Monday, June 05, 2023 10:05:44 AM

Post# of 50663
A fortunate few are still able to exit their 5s before the regulation "A" offering dump. Offering means immediate massive dilution that won't happen until they get a split done. I'm thinking that the May 4th refiling would need to be qualified, but I do not know for certain.

Meanwhile the debt that is earning default interest of 24% with fees just keeps piling up. The 2022 Leonite debt alone earning default interest would be in excess of $1million. If they could get a successful walkup here and get the huge bid to move from the 3s to the 4s they could get a good dump before the split. This fun to watch. big smile That is when they finally decide to do something. Many lessons can be gleaned from the press release manipulation.

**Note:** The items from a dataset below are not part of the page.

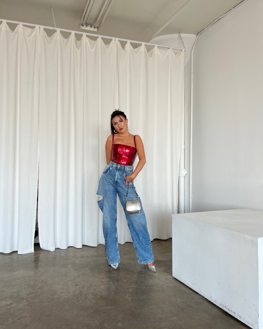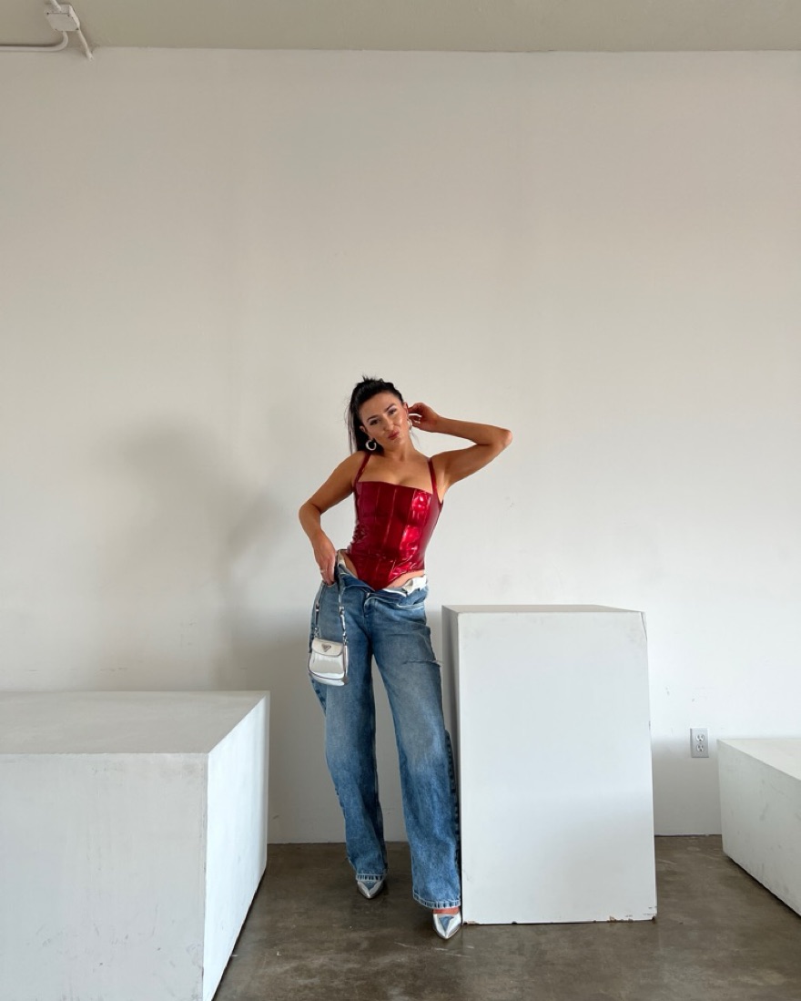 With Jean Red Top
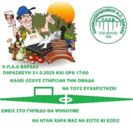 Καλεί όλο τον κόσμο και όλους όσοι βοήθησαν τη φετινή περίοδο να δώσουν το παρόν.
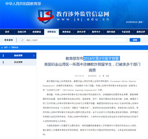 今天,教育部教育涉外监管信息网发布2016年第3号留学预警。预警称,美国旧金山湾区利佛山谷特许预科高中(Livermore Valley Charter Preparatory) 涉嫌欺诈我留学生,已被美多个部门调查。利佛山谷特许预科高中目前由当地一家教育公司“三谷学习公司”(ThI-Valley Learning Corporation)代管。
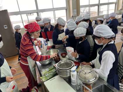 みそ汁もみその風味がとばないよう、手順を確かめながら作業を進めました。
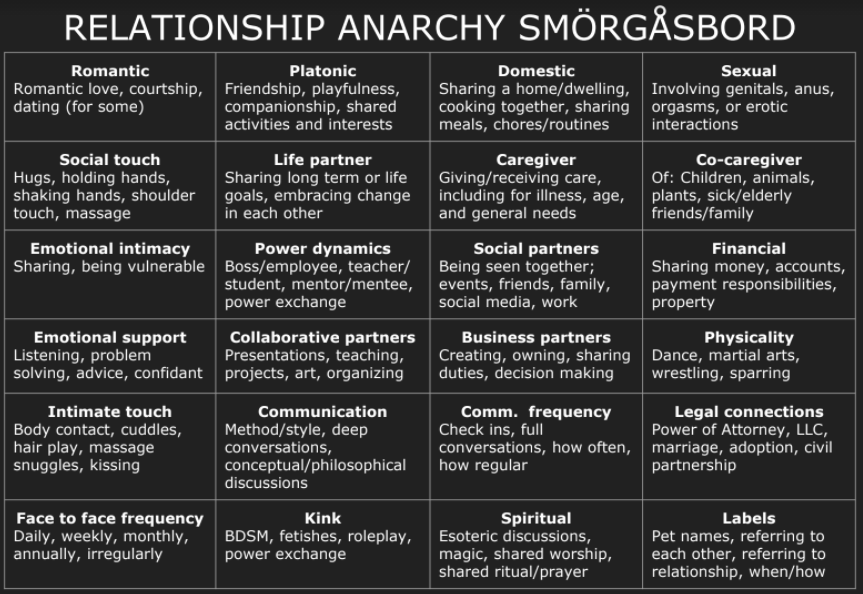 Importantly, relationship anarchists avoid putting their relationships in boxes or categorizing them with society’s labels such as “partner”, “friend” or “lover”. Instead, this structure is about breaking down societal relationship standards, as well as focusing on relationships as a community rather than as individuals in a relationship.
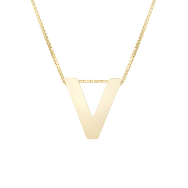14K yellow gold polished initial V on an 18 inch box chain necklace with lobster clasp
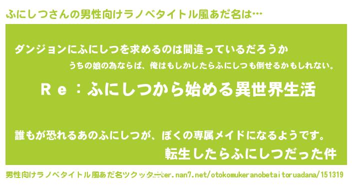 | 女子向けラノベタイトル風あだ名 | 『闇のふにしつ』『ふにしつの婚約者』 |
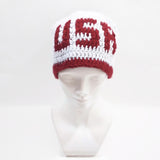 Unisex Handmade 100% Wool Knit Winter Warm USA Beanie Hat Gray/Bordeaux
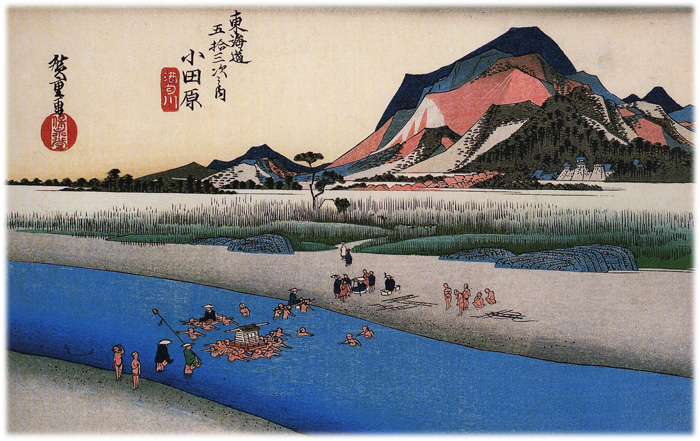 Вот так он изобразил переправу, близ которой находилась девятая станция Одавара, где останавливается на ночлег мой герой.
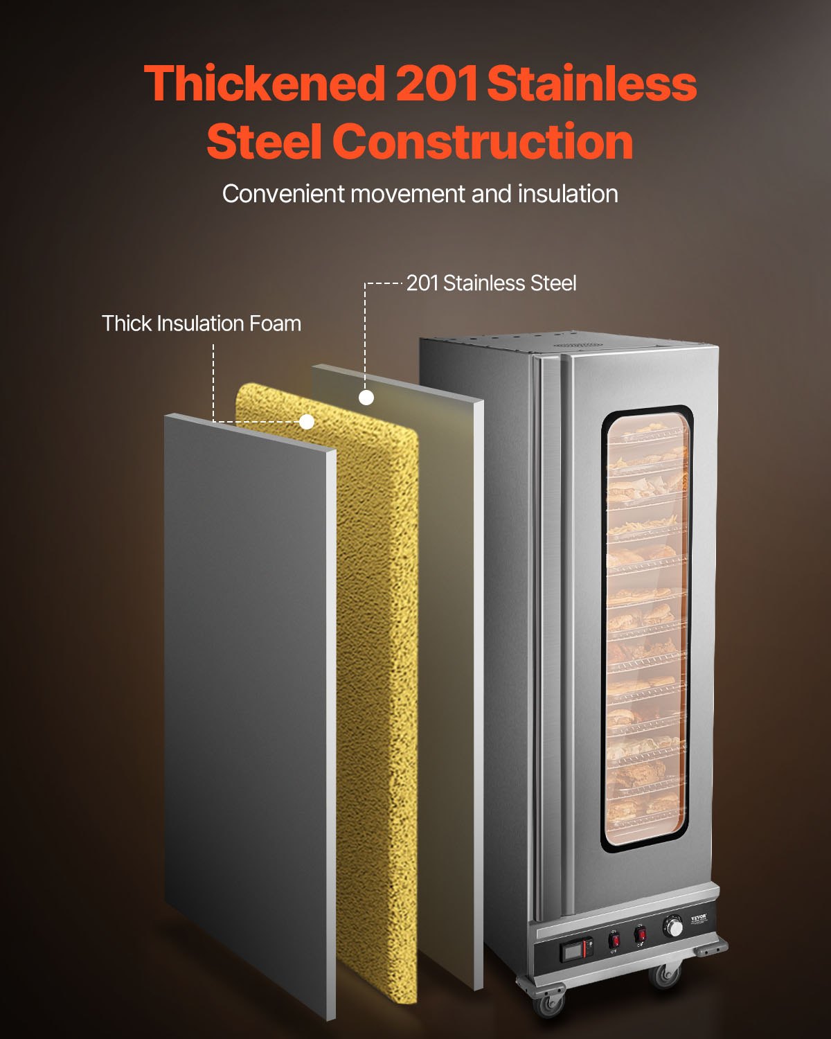 - Keep Warm for a Long Time: The commercial hot box food warmer cabinet features an adjustable temperature range of 80℉-177℉ with rapid heating and long-lasting warmth. Real-time temperature tracking and simple operation make it perfect for storing delicious, juicy cooked meats, pasta, crispy fried foods, fermented yogurt, and dried fruits and vegetables.
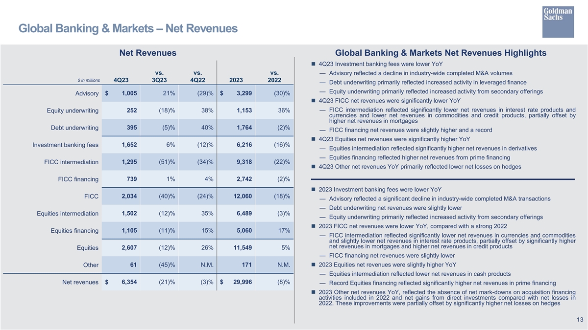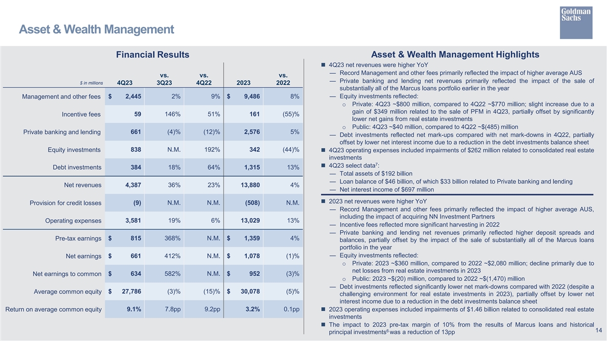 Global Banking & Markets – Net Revenues Net Revenues Global Banking & Markets Net Revenues Highlights n 4Q23 Investment banking fees were lower YoY vs. vs. vs. — Advisory reflected a decline in industry-wide completed M&A volumes $ in millions 4Q23 3Q23 4Q22 2023 2022 — Debt underwriting primarily reflected increased activity in leveraged finance — Equity underwriting primarily reflected increased activity from secondary offerings Advisory $ 1,005 21% (29)% $ 3,299 (30)% n 4Q23 FICC net revenues were significantly lower YoY — FICC intermediation reflected significantly lower net revenues in interest rate products and Equity underwriting 252 (18)% 38% 1,153 36% currencies and lower net revenues in commodities and credit products, partially offset by higher net revenues in mortgages 395 (5)% 40% 1,764 (2)% Debt underwriting — FICC financing net revenues were slightly higher and a record n 4Q23 Equities net revenues were significantly higher YoY 1,652 6% (12)% 6,216 (16)% Investment banking fees — Equities intermediation reflected significantly higher net revenues in derivatives — Equities financing reflected higher net revenues from prime financing 1,295 (51)% (34)% 9,318 (22)% FICC intermediation n 4Q23 Other net revenues YoY primarily reflected lower net losses on hedges 739 1% 4% 2,742 (2)% FICC financing n 2023 Investment banking fees were lower YoY FICC 2,034 (40)% (24)% 12,060 (18)% — Advisory reflected a significant decline in industry-wide completed M&A transactions — Debt underwriting net revenues were slightly lower Equities intermediation 1,502 (12)% 35% 6,489 (3)% — Equity underwriting primarily reflected increased activity from secondary offerings n 2023 FICC net revenues were lower YoY, compared with a strong 2022 Equities financing 1,105 (11)% 15% 5,060 17% — FICC intermediation reflected significantly lower net revenues in currencies and commodities and slightly lower net revenues in interest rate products, partially offset by significantly higher net revenues in mortgages and higher net revenues in credit products Equities 2,607 (12)% 26% 11,549 5% — FICC financing net revenues were slightly lower Other 61 (45)% N.M. 171 N.M.n 2023 Equities net revenues were slightly higher YoY — Equities intermediation reflected lower net revenues in cash products Net revenues $ 6,354 (21)% (3)% $ 29,996 (8)% — Record Equities financing reflected significantly higher net revenues in prime financing n 2023 Other net revenues YoY, reflected the absence of net mark-downs on acquisition financing activities included in 2022 and net gains from direct investments compared with net losses in 2022. These improvements were partially offset by significantly higher net losses on hedges 13
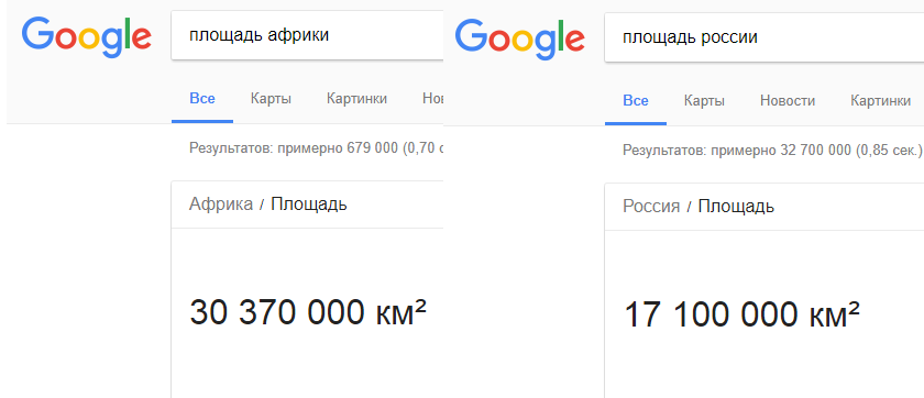 А вот если задать вопрос Гуглу напрямую - все оказывается наоборот! Африка почти в 2 раза больше!
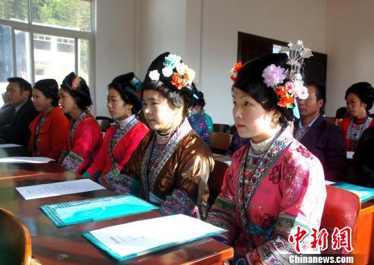 11月28日,广西融水苗族自治县第五期苗歌培训班在该县拱洞乡举行,苗族歌手们与老师在课堂上讨论苗歌技能知识。石峰 摄
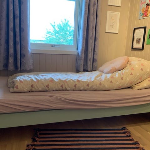 IKEA juniorseng i tre med brun finish. Todelt madrass og sengebunn i tre følger med. Kan trekkes ut til 200cm lengde. Senga har stått i hytte, og er derfor lite og ikke synlig brukt
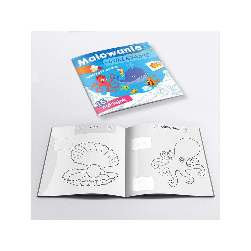 Kolorowanka „Malowanie-doklejanie. Zwierzęta wodne” to kreatywna propozycja dla dzieci od 3. roku życia, łącząca kolorowanie z zabawą naklejkami. Dzięki podpisanym ilustracjom maluchy poznają nazwy zwierząt wodnych, ćwiczą sprawność manualną, koordynację ruchową i kreatywność. To drobny upominek mikołajkowy do paczki, który doskonale sprawdzi się w żłobkach, przedszkolach i w domu. Edukacyjna forma i atrakcyjne ilustracje czynią z tej książeczki idealny produkt do paczek mikołajkowych dla dzieci, wzbogacając świąteczne zestawy o kreatywną zabawę.
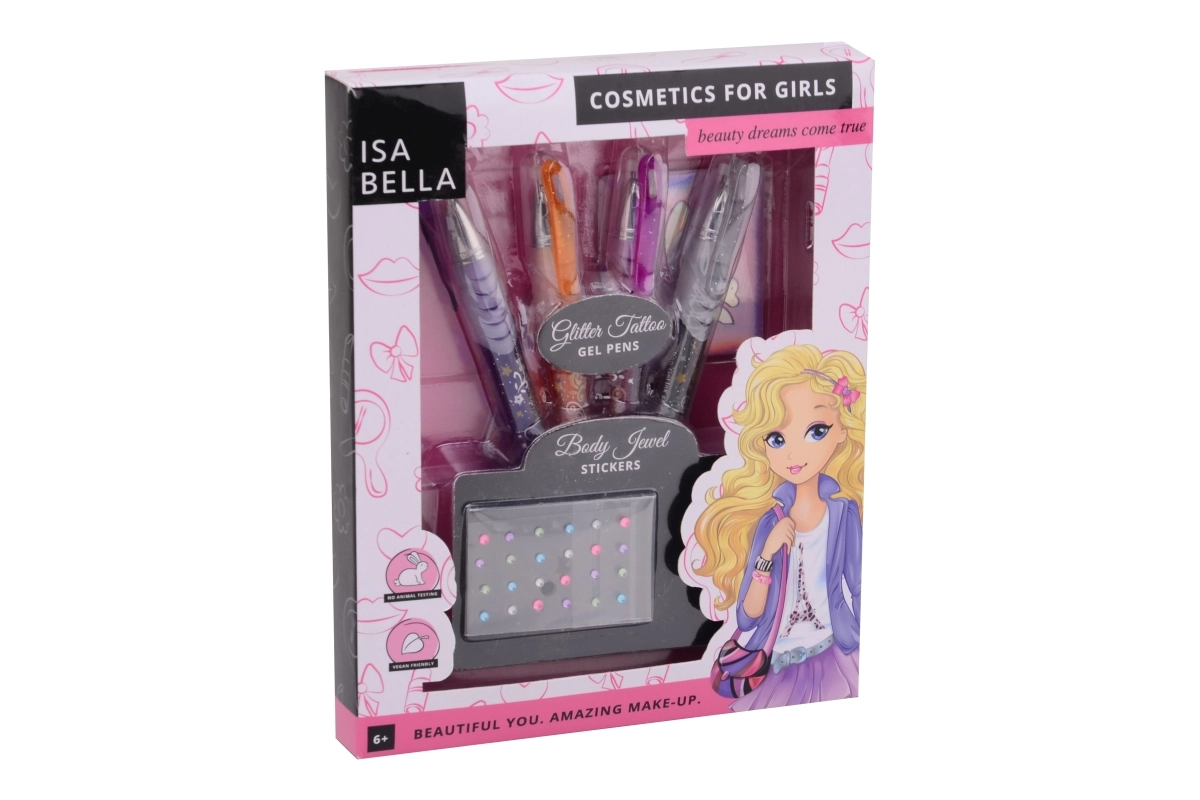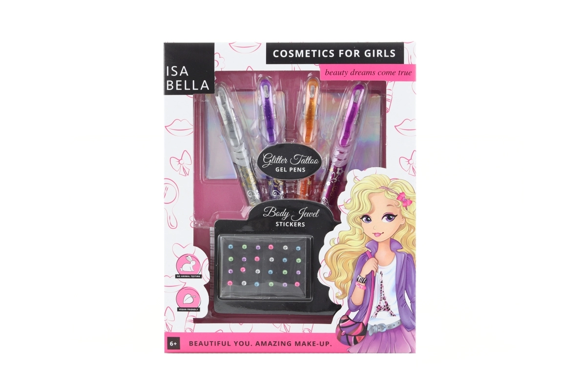 Kreatív tetoválókészlet kislányoknak, amely szórakozást és stílust kínál. Tartalmaz 4 csillogó tetoválótollat és praktikus kiegészítőket az ideiglenes tetoválások egyszerű elkészítéséhez. Ideális 6 éves kortól, fejleszti a fantáziát és a finommotorikát.
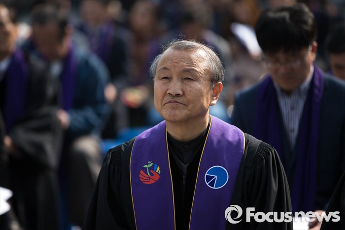 (서울=포커스뉴스) 21일 오후 서울 중구 덕수궁 대한문 앞에서 한국기독교 장로회 총회 '고난당하는 민주주의를 위한 시국기도회'가 열리고 있다.
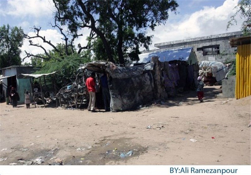 ساکنان بی‌خانمان سومالیایی طبق عادتی که دارند چادرهای خود در مجاورت یک درخت برپا می‌کنند
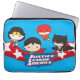 Check out Chibi Wonder Woman, Chibi Superman, Chibi Flash, and Chibi Batman gathered around the Justice League of America logo with red and white stars.
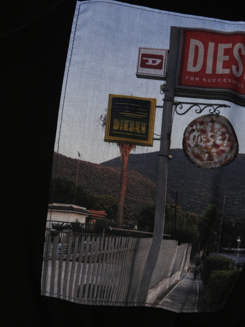 A long-sleeved t-shirt from Diesel with a bold black base and striking graphic prints on the front and back. The dynamic imagery adds a contemporary edge, making it perfect for expressing individuality in casual settings. Its relaxed fit ensures ultimate comfort, ideal for laid-back streetwear enthusiasts.
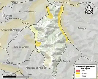 Le retrait-gonflement des sols argileux est susceptible d'engendrer des dommages importants aux bâtiments en cas d’alternance de périodes de sécheresse et de pluie. 11,5 % de la superficie communale est en aléa moyen ou fort (44,5 % au niveau départemental et 48,5 % au niveau national). Sur les 60 bâtiments dénombrés sur la commune en 2019, 1 sont en aléa moyen ou fort, soit 2 %, à comparer aux 75 % au niveau départemental et 54 % au niveau national. Une cartographie de l'exposition du territoire national au retrait gonflement des sols argileux est disponible sur le site du BRGM[19],[Carte 3].
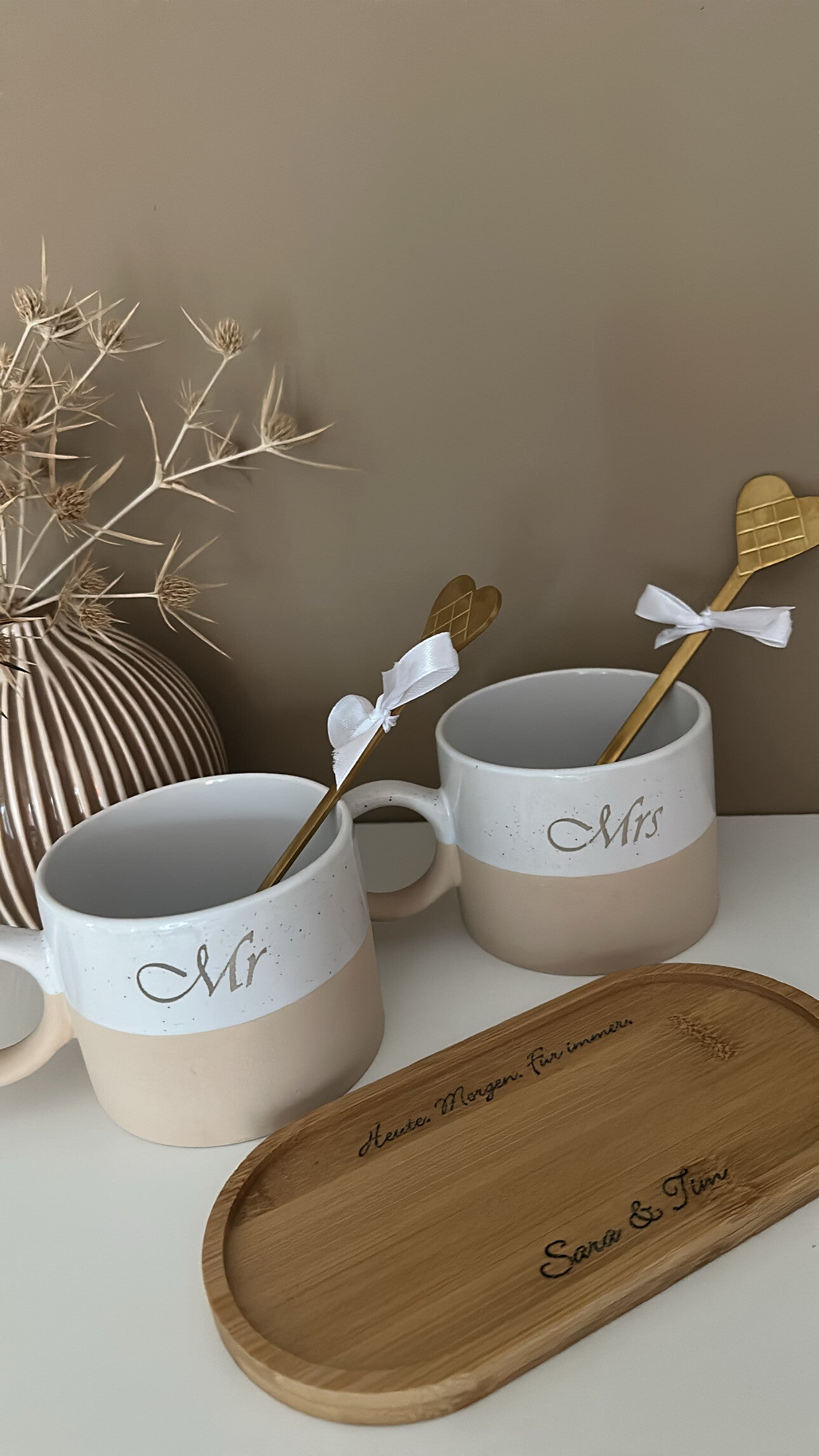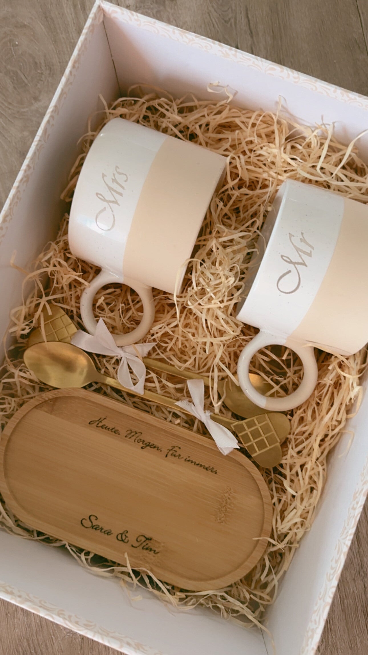 Geschenkset für besondere Anlässe bestehend aus 2 Weingläsern oder Kaffeebecher | -tassen mit kleinem Holztablett & 2 goldenen Herzlöffelchen. Jedes Set kann nach euren Vorstellungen graviert werden.

Regulation "A" Offering 1-A POS
https://www.otcmarkets.com/filing/html?id=16623154&guid=lmT-k6Nt6F_Udth


The SEC is widening its war on toxic funders
Published on August 24, 2021
https://www.linkedin.com/pulse/sec-widening-its-war-toxic-funders-steve-taylor/

..it also increasingly utilized qualified Reg A offerings to acquire free-trading stock which they then dumped into the market without disclosure....

...This was a significant concern, as Reg A shares are immediately free-trading. That makes it much more attractive to many investors compared to restricted securities sold under Reg D exemptions, but it also is definitely more attractive to those looking to make a quick buck by breaking the law. This case demonstrates the SEC may not have been looking hard enough at the Reg A market for fraud, as certain financiers and funders have been scalping stock without disclosure in the filings....

...Section 17(b) of the Securities Act of 1933 requires anyone that is paid to promote a stock must disclose the amount of the payment and who paid them. This is probably the most violated SEC regulation, which is not a surprise as it is also the least enforced. Toxic funders routinely pay promoters to pump the stocks in which they are funding. ...

...To make money on their toxic convertible loan, these funders require volume to dump into. Lots of volume, because they have a lot of stock to sell. Thus the need for lots of promoters, most of whom are non-disclosing as telling the public they are getting paid to pump, and who paid them to do it, would scare even the most die-hard penny plunger away....


Everything that I post is just my informed opinion and is simply an invitation to debate. Trade on your own due diligence please..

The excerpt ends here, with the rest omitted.